# PROBLEM
Retype the following data exactly, but leave its pictures out.

# RAW DATA
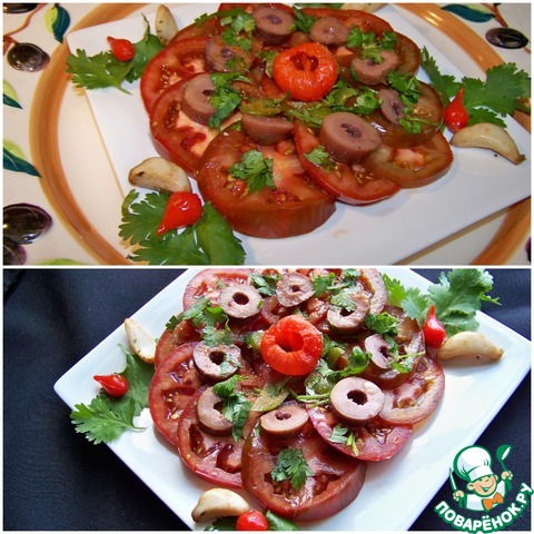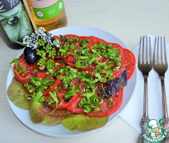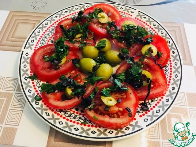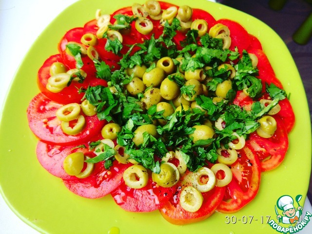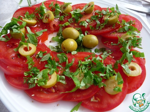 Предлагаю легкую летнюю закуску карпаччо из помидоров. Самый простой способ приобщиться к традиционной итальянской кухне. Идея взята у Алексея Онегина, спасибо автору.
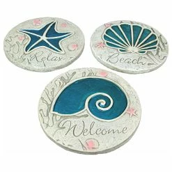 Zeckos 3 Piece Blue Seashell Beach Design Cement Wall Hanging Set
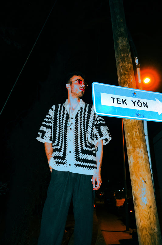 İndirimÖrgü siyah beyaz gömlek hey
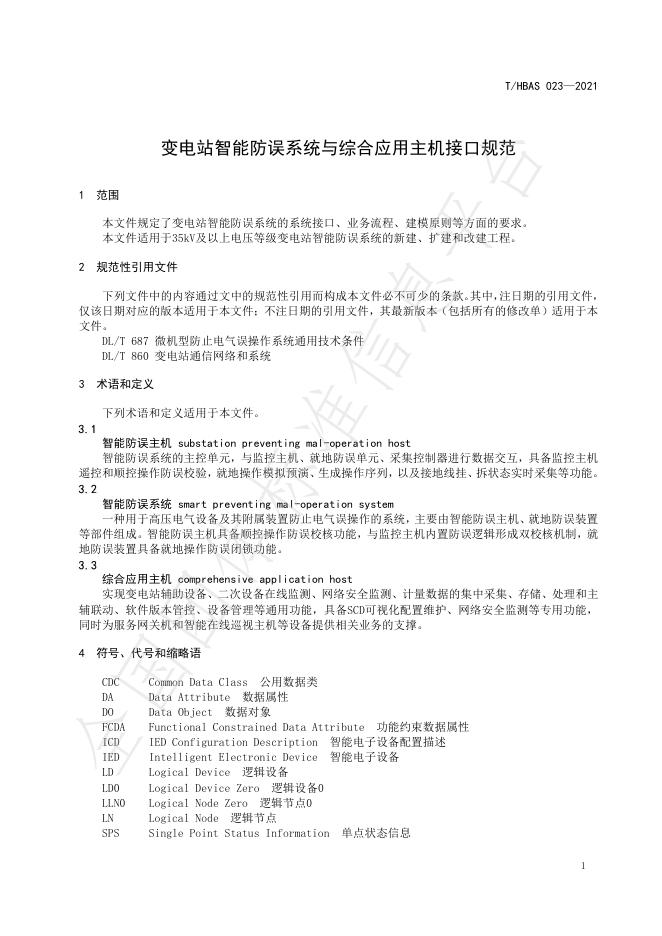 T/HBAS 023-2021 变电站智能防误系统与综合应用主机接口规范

# TASK SOLUTION
 Предлагаю легкую летнюю закуску карпаччо из помидоров. Самый простой способ приобщиться к традиционной итальянской кухне. Идея взята у Алексея Онегина, спасибо автору.
 Zeckos 3 Piece Blue Seashell Beach Design Cement Wall Hanging Set
 İndirimÖrgü siyah beyaz gömlek hey
 T/HBAS 023-2021 变电站智能防误系统与综合应用主机接口规范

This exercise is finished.